PETER BROWN (Deputy Leader—NZ First) : Let me make it quite clear from the onset that when this bill had it first reading in May 2004 New Zealand First supported it to select committee. I have here the actual Hansard of that debate, and I represented New Zealand First at that time. Let me read a little bit of it, because I want to explain our position as fully as I may. “Let me say from the onset that New Zealand First will be supporting this bill. I like the way the Hon Ruth Dyson outlined it: we believe that it is better to pay people according to the work they do rather than their place of employment.”—I think those members over there are in agreement with that, thus far, from listening to them.—“I like that phrase, and I thought it summarised the situation exceedingly well.”
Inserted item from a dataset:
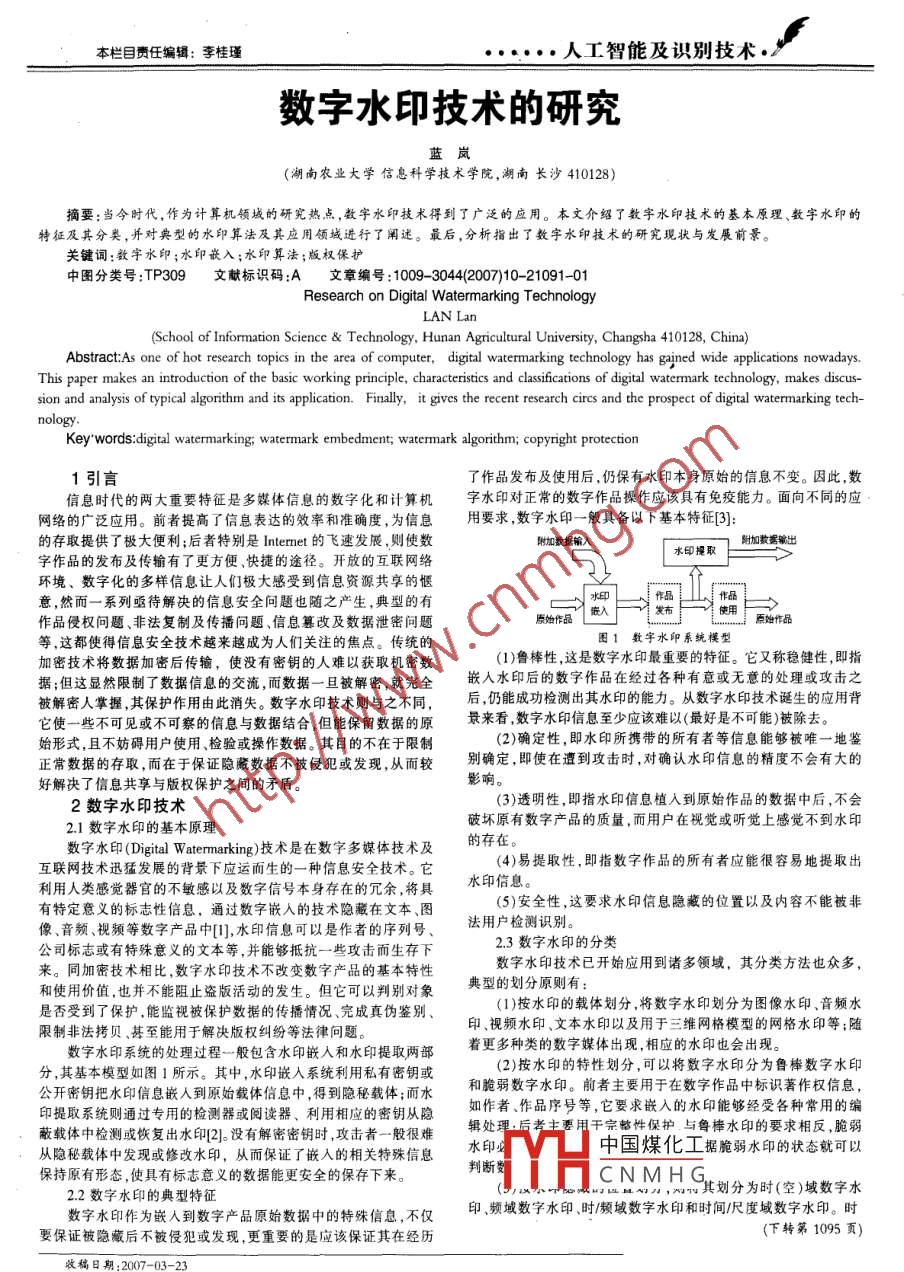 本欄目責任編輯:李桂瑾.......人工智能及識別技術(shù)●數(shù)字水印技術(shù)的研究藍嵐(湖南農(nóng)業(yè)大學信息科學技術(shù)學院,湖南長沙410128)摘要:當今時代,作為計算機領(lǐng)域的研究熱點,數(shù)字水印技術(shù)得到了廣泛的應用。本文介紹了數(shù)字水印技術(shù)的基本原理、數(shù)字水印的特征及其分類,并對典型的水印算法及其應用領(lǐng)域進行了闡述。最后,分析指出了數(shù)字水印技術(shù)的研究現(xiàn)狀與發(fā)展前景。關(guān)鍵詞:數(shù)字水印;水印嵌入;水印算法;版衩保護中圖分類號:TP309文獻標識碼:A文章編號:1009- -3044(2007)10- -21091-01Research on Digital Watermarking TechnologyLAN Lan(School of Information Science & Technology, Hunan Agricultural University, Changsha 410128, China)Abstract:As one of hot research topics in the area of computer, digital watermarking technology has gained wide applications nowadays.This paper makes an introduction of the basic working principle, characteristics and casifications of digtal watermark technology, makes discus-sion and analysis of typical algorithm and is application. Finally, it gives the recent research circs and the prospect of digital watermarking tech-nology.Key'words.digtal watermarking; watermark embedment; watermark algoithm; copyright protection.1引言了作品發(fā)布及使用后,仍保有水印本身原始的信息不變。因此,數(shù)信息時代的兩大重要特征是多媒體信息的數(shù)字化和計算機字水印對正常的數(shù)字作品操作應該具有免疫能力。面向不同的應網(wǎng)絡的廣泛應用。前者提高了信息表達的效率和準確度,為信息用要求,數(shù)字水印一般具備以下基本特征[3]:的存取提供了極大便利;后者特別是Intermet的飛速發(fā)展,則使數(shù)附加數(shù)據(jù)輸入水印提取字作品的發(fā)布及傳輸有了更方便、快捷的途徑。開放的互聯(lián)網(wǎng)絡環(huán)境、數(shù)字化的多樣信息讓人們極大感受到信息資源共享的愜意,然而一系列亟待解決的信息安全問題也隨之產(chǎn)生,典型的有水印.作晶L作品侵權(quán)問題、非法復制及傳播問題、信息篡改及數(shù)據(jù)泄密問題原始作晶嵌入原始作品等,這都使得信息安全技術(shù)越來越成為人們關(guān)注的焦點。傳統(tǒng)的圈1數(shù)字水印系 統(tǒng)模型加密技術(shù)將數(shù)據(jù)加密后傳輸,使沒有密鑰的人難以獲取機密數(shù)(1)魯棒性,這是數(shù)字水印最重要的特征。它又稱穩(wěn)健性,即指據(jù);但這顯然限制了數(shù)據(jù)信息的交流,而數(shù)據(jù)一旦被解密,就完全嵌入水印后的數(shù)字作品在經(jīng)過各種有意或無意的處理或攻擊之被解密人掌握,其保護作用由此消失。數(shù)字水印技術(shù)則與之不同,后,仍能成功檢測出其水印的能力。從數(shù)字水印技術(shù)誕生的應用背它使一些不可見或不可察的信息與數(shù)據(jù)結(jié)合,但能保留數(shù)據(jù)的原最來看,數(shù)字水印信息至少應該難以(最好是不可能)被除去。始形式,且不妨礙用戶使用、檢驗或操作數(shù)據(jù)。其目的不在于限制(2)確定性,即水印所攜帶的所有者等信息能夠被唯- -地鑒正常數(shù)據(jù)的存取,而在于保證隱藏數(shù)據(jù)不被侵犯或發(fā)現(xiàn),從而較別確定,即使在遭到攻擊時,對確認水印信息的精度不會有大的好解決了信息共享與版權(quán)保護之間的矛盾。影響。2數(shù)字水印技術(shù)(3)透明性,即指水印信息植入到原始作品的數(shù)據(jù)中后,不會破壞原有數(shù)字產(chǎn)品的質(zhì)量,而用戶在視覺或聽覺上感覺不到水印2.1數(shù)字水印的基本原理數(shù)字水印(Digital Watermarking)技術(shù)是在數(shù)字多媒體技術(shù)及的存在?;ヂ?lián)網(wǎng)技術(shù)迅猛發(fā)展的背景下應運而生的一種信息安全技術(shù)。它.水印信息。(4)易提取性.即指數(shù)字作品的所有者應能很容易地提取出利用人類感覺器官的不敏感以及數(shù)字信號本身存在的冗余,將具.(5)安全性,這要求水印信息隱藏的位置以及內(nèi)容不能被非有特定意義的標志性信息,通過數(shù)字嵌入的技術(shù)隱藏在文本、圖法用戶檢測識別。像、音頻、視頻等數(shù)字產(chǎn)品中[I],水印信息可以是作者的序列號、公司標志或有特殊意義的文本等,并能夠抵抗一些攻擊而生存下2.3數(shù)字水印的分類數(shù)字水印技術(shù)已開始應用到諸多領(lǐng)域,其分類方法也眾多,來。同加密技術(shù)相比,數(shù)字水印技術(shù)不改變數(shù)字產(chǎn)品的基本特性典型的劃分原則有:和使用價值,也并不能阻止盜版活動的發(fā)生。但它可以判別對象(1)按水印的載體劃分將數(shù)字水印劃分為圖像水印、音頻水是否受到了保護,能監(jiān)視被保護數(shù)據(jù)的傳播情況完成真?zhèn)舞b別、印、視頻水印、文本水印以及用于三維網(wǎng)格模型的網(wǎng)格水印等;隨限制非法拷貝、甚至能用于解決版權(quán)糾紛等法律問題。數(shù)字水印系統(tǒng)的處理過程一般包含水印嵌人和水印提取兩部著更多種類的數(shù)字媒體出現(xiàn),相應的水印也會出現(xiàn)。分,其基本模型如圖I所示。其中,水印嵌入系統(tǒng)利用私有密鑰或(2)按水印的特性劃分,可以將數(shù)字水印分為魯棒數(shù)字水印公開密鑰把水印信息嵌人到原始載體信息中,得到隱秘載體;而水和脆弱數(shù)字水印。前者主要用于在數(sh

Now we are debating Part 1 of this bill, and let me just remind the Committee and anyone who might be listening tonight, about the purpose clause, which states: “The purpose of this Act is to—(a) repeal the Disabled Persons Employment Promotion Act 1960; and (b) provide for matters arising from the repeal of the Act until the expiry of the transitional period on 30 June 2007; and (c) make related amendments to the Minimum Wage Act 1983.” We had a member on the Social Services Committee last term who is no longer a member of Parliament. Unfortunately we cannot get hold of him to get some clarification, but we notice from the select committee report back the following: “Concerns were raised that the financial implications of the repeal of the Disabled Persons Employment Promotion Act will force sheltered workshops to close or move to providing other vocational services.”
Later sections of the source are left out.